Les aliments enrichis qui n’en valent pas le prix
• Produits laitiers enrichis en oméga-3
«Ils ne valent pas le coût supplémentaire», affirme la naturopathe. Pour augmenter votre apport en oméga-3, consommez des poissons gras, par exemple du saumon, ou prenez un supplément d’huile de poisson. En ajoutant de l’avocat dans vos salades ou en prenant des noix à la collation, vous contribuez également à augmenter votre apport en ces acides gras. De leur côté, les huiles de canola et d’olive fournissent des oméga-6 et des oméga-9.
• Jus d’orange enrichi en calcium
«Le jus possède naturellement une teneur élevée en sucre et, contrairement aux produits laitiers, ne contient pas de vitamine D. Or, cette vitamine est essentielle à l’absorption du calcium», souligne Cara MacMullin. Consommez plutôt d’autres sources de calcium, par exemple des verdures, du brocoli, de l’avoine ou des amandes.
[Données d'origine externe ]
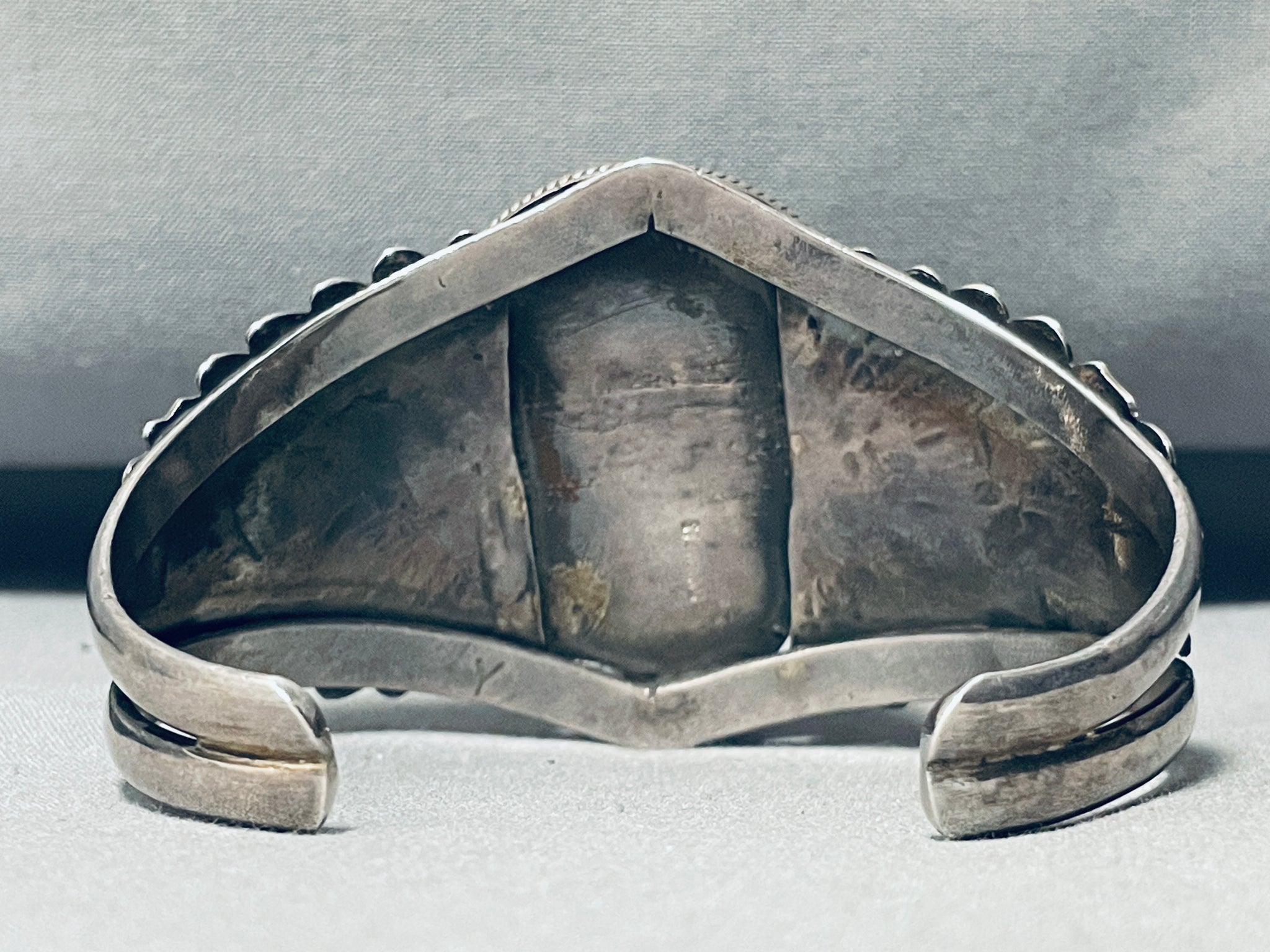 This is an astonishing vintage Navajo large single stone silver bracelet. This fascinating bracelet consists of a large fat teardrop shaped spiderweb turquoise stone. The size of the stone is just amazing and measures around 1-3/4" X 1-1/4". Surrounding the stone is a tightly coiled silver rope. Resting at the sides of the impressive silver bracelet are superior large sun bursting silver flanks. The large flanks are just outstanding. This bracelet contains a sturdy and thick double silver shank cuff that graduates in width towards the center. The width of the bracelet measures around 2". Signed by Navajo artist, Y. Sterling silver, marked. Cir. 1970's+. The inside end to end measures around 6-1/2" with an additional 1-1/4" gap. Sturdy 89 grams.

• Yogourt enrichi en probiotiques
«Les probiotiques sont utiles dans certaines affections intestinales, pour refaire son immunité et pour prévenir les infections résultant d’un traitement aux antibiotiques, mais ils devraient faire l’objet d’une évaluation au cas par cas », explique la naturopathe. Prenez plutôt du yogourt nature, pauvre en gras, sans édulcorants artificiels ajoutés (vous pouvez l’aromatiser ou l’édulcorer avec du miel, des fruits, du sirop d’érable, voire de la confiture); il renferme assez de probiotiques pour répondre aux besoins de la majorité des gens.
• Jus antioxydants
«Les fruits sont naturellement riches en antioxydants, flavonoïdes et fibres, ainsi qu’en de nombreuses vitamines et autres nutriments », souligne-t-elle. Les jus enrichis en antioxydants, plus chers que les autres, ne procureront jamais les bienfaits nutritionnels d’une orange, une pomme ou une poignée de baies». D’autant plus qu’on doit consommer le jus avec modération étant donné sa richesse en sucre. Dans la mesure où vous prenez des jus entièrement naturels, il y a de fortes chances que vous en ayez pour votre argent en matière de pouvoir antioxydant.